Transgender personen kunnen we behandelen met geslachtshormonen om hun lichaam aan te passen naar het ervaren geslacht. Een van de effecten van deze hormoonbehandeling is het ontstaan van borstgroei bij transvrouwen, mensen geboren als man die zich identificeren als vrouw. Bij transmannen, mensen geboren als vrouw die zich identificeren als man, neemt het borstvolume vaak iets af onder hormoonbehandeling. Maar zijn die veranderingen in de borst onder hormoonbehandeling allemaal onschuldig? Uit mijn onderzoek blijkt dat het risico op borstkanker bij transvrouwen hoger werd dan bij mannen in de algemene bevolking.
Borstkanker ontstaat door een ongecontroleerde celdeling in de borst. Borstkanker is de meest voorkomende vorm van kanker bij vrouwen. Bij mannen is deze vorm van kanker juist zeldzaam. Vaak is borstkanker hormoongevoelig. Dit betekent dat de tumor hormoonreceptoren heeft waardoor de kanker gestimuleerd kan worden om (verder) te groeien. Een risicofactor voor het krijgen van borstkanker is onder andere het voorkomen van borstkanker in de familie.

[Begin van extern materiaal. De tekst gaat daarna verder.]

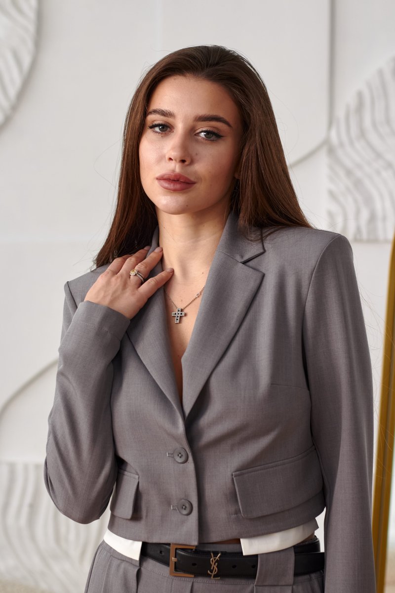 Элегантный костюм состоит из укороченного жакета и брюк палаццо. Жакет украшен имитацией карманов из белого коттона и застегивается на 2 пуговице. Брюки со стрелками по штанинам и резинкой по спине, что обеспечивает комфорт во время ношения. Этот костюм создаст стильный образ для любого события.
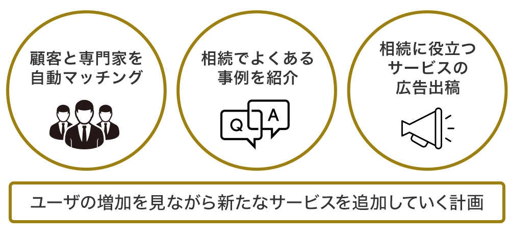 2022年以降、ユーザ数が増加軌道に乗ってからは、税理士や司法書士など相続の専門家とマッチングできる仕組みをサービスに導入する計画です。

Meer of minder risico bij hormoonbehandeling
Normaal borstweefsel heeft verschillende receptoren die gevoelig zijn voor geslachtshormonen, zoals de oestrogeenreceptor, de progesteronreceptor en de testosteronreceptor. Vrouwelijke geslachtshormonen kunnen het borstweefsel stimuleren om te groeien. Hierdoor ontstaat borstgroei bij meisjes in de puberteit en bij transvrouwen die hormonen gebruiken. Het mannelijk geslachtshormoon testosteron zorgt er bij jongens in de puberteit juist voor dat het borstweefsel zich niet verder ontwikkelt. Bij transmannen die testosteron gebruiken, neemt het borstvolume daardoor vaak iets af.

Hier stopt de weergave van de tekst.